If the @header_values passed as argument contains multiple values,
then they are treated as if they were a single value separated by
comma ",".
This means that this function is useful for parsing header fields that
follow this syntax (BNF as from the HTTP/1.1 specification, but we relax
the requirement for tokens).
headers = #header
header = (token | parameter) *( [";"] (token | parameter))
token = 1*<any CHAR except CTLs or separators>
separators = "(" | ")" | "<" | ">" | "@"
| "," | ";" | ":" | "\" | <">
| "/" | "[" | "]" | "?" | "="
| "{" | "}" | SP | HT
quoted-string = ( <"> *(qdtext | quoted-pair ) <"> )
qdtext = <any TEXT except <">>
quoted-pair = "\" CHAR
parameter = attribute "=" value
attribute = token
value = token | quoted-string
Each I<header> is represented by an anonymous array of key/value
pairs.

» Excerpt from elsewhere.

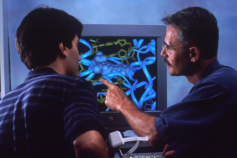 | Keywords: Molecular modeling.jpg  Two adult caucasian men sit in front of a computer that displays molecular modeling Topics/Categories People -- Adult Science and Technology -- Laboratory Techniques/Equipment Type Color Photo Source National Cancer Institute Dr Jason Kang Photographer 1845 2000-10 Reuse Restrictions None - This image is in the public domain and can be freely reused Please credit the source and/or author listed above Dr Jason Kang Photographer PD-USGov-HHS-NIH Media from National Cancer Institute Visuals Online Images uploaded by Fæ Molecular modelling People using computers in the 2000s Pointing at screens |
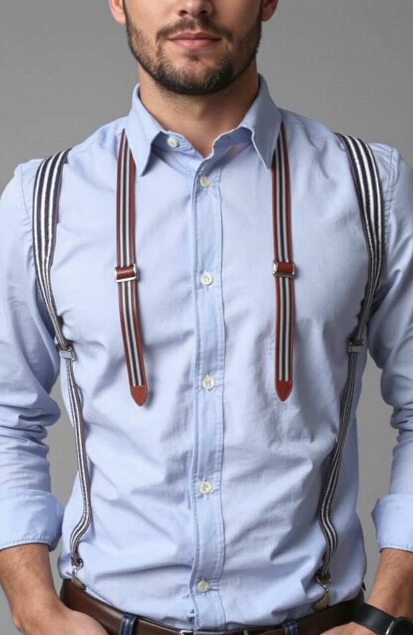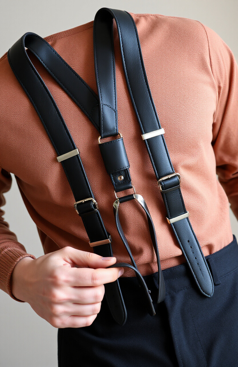 Striped leather suspenders bring a playful twist to your outfit. They’re perfect for casual days when you want to add a bit of personality to your look. Pair them with solid-colored shirts to let the stripes stand out.

The keys will be all be forced to lower case.
The value for a simple token (not part of a parameter) is C<undef>.
Syntactically incorrect headers will not necessary be parsed as you
would want.
This is easier to describe with some examples:
split_header_words('foo="bar"; port="80,81"; DISCARD, BAR=baz');
split_header_words('text/html; charset="iso-8859-1"');
split_header_words('Basic realm="\\"foo\\\\bar\\""');
will return
[foo=>'bar', port=>'80,81', discard=> undef], [bar=>'baz' ]
['text/html' => undef, charset => 'iso-8859-1']

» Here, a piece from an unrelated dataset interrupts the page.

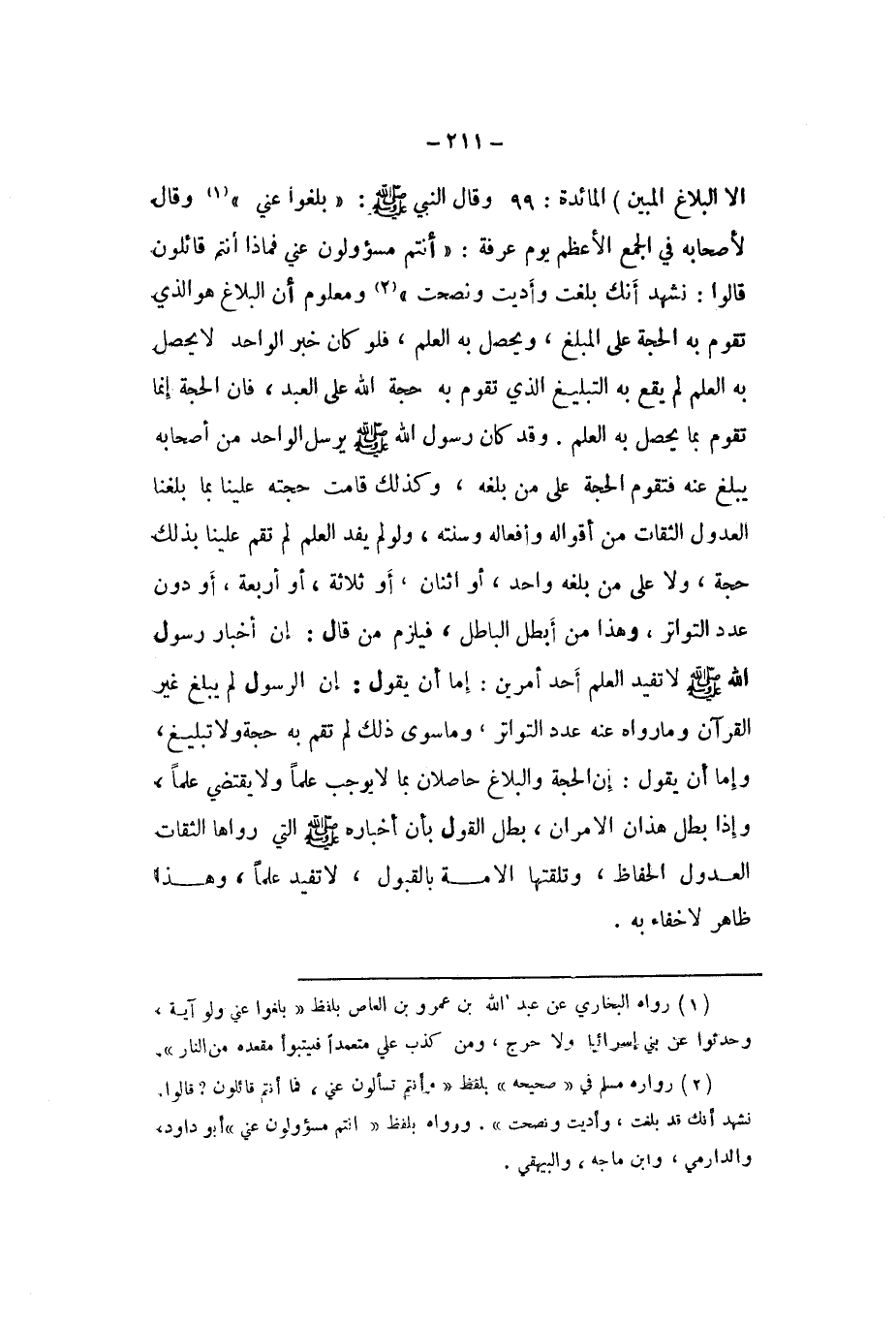 الْمَائِدَة 99 وَقَالَ النَّبِي صلى الله عَلَيْهِ وَسلم (بلغُوا عني (وَقَالَ لاصحابه فِي الْجمع الاعظم يَوْم عَرَفَة (أَنْتُم مسؤولون عني فَمَاذَا أَنْتُم قَائِلُونَ قَالُوا نشْهد أَنَّك بلغت وَأديت وَنَصَحْت (وَمَعْلُوم أَن الْبَلَاغ هُوَ الَّذِي تقوم بِهِ الْحجَّة على الْمبلغ وَيحصل بِهِ الْعلم فَلَو كَانَ خبر الْوَاحِد لَا يحصل بِهِ الْعلم لم يَقع بِهِ التَّبْلِيغ الَّذِي تقوم بِهِ حجَّة الله على العَبْد فان الْحجَّة انما تقوم بِمَا يحصل بِهِ الْعلم وَقد كَانَ رَسُول الله صلى الله عَلَيْهِ وَسلم يُرْسل الْوَاحِد من أَصْحَابه يبلغ عَنهُ فتقوم الْحجَّة على من بلغه وَكَذَلِكَ قَامَت حجَّته علينا بِمَا بلغنَا الْعُدُول الثِّقَات من أَقْوَاله وأفعاله وسنته وَلَو لم يفد الْعلم لم تقم علينا بذلك حجَّة وَلَا على من بلغه وَاحِد اَوْ اثْنَان أَو ثَلَاثَة أَو أَرْبَعَة أَو دون عدد التَّوَاتُر وَهَذَا من أبطل الْبَاطِل فَيلْزم من قَالَ إِن أَخْبَار رَسُول الله صلى الله عَلَيْهِ وَسلم لَا تفِيد الْعلم أحد أَمريْن إِمَّا أَن يَقُول إِن الرَّسُول لم يبلغ غير الْقُرْآن وَمَا رَوَاهُ عَنهُ عدد التَّوَاتُر وَمَا سوى ذَلِك لم تقم بِهِ حجَّة وَلَا تَبْلِيغ واما أَن يَقُول إِن الْحجَّة والبلاغ حاصلان بِمَا لَا يُوجب علما وَلَا يَقْتَضِي علما واذا بَطل هَذَانِ الامران بَطل القَوْل بِأَن أخباره صلى الله عَلَيْهِ وَسلم الَّتِي رَوَاهَا الثِّقَات الْعُدُول الْحفاظ وتلقتها الامة بِالْقبُولِ لَا تفِيد علما وَهَذَا ظَاهر لاخفاء بِهِ

[basic => undef, realm => "\"foo\\bar\""]
If you don't want the function to convert tokens and attribute keys to
lower case you can call it as C<_split_header_words> instead (with a
leading underscore).
=item join_header_words( @arrays )
This will do the opposite of the conversion done by split_header_words().
It takes a list of anonymous arrays as arguments (or a list of
key/value pairs) and produces a single header value. Attribute values
are quoted if needed.
Example:
join_header_words(["text/plain" => undef, charset => "iso-8859/1"]);
join_header_words("text/plain" => undef, charset => "iso-8859/1");
will both return the string:
text/plain; charset="iso-8859/1"
=back
=head1 COPYRIGHT
Copyright 1997-1998, Gisle Aas
This library is free software; you can redistribute it and/or
modify it under the same terms as Perl itself.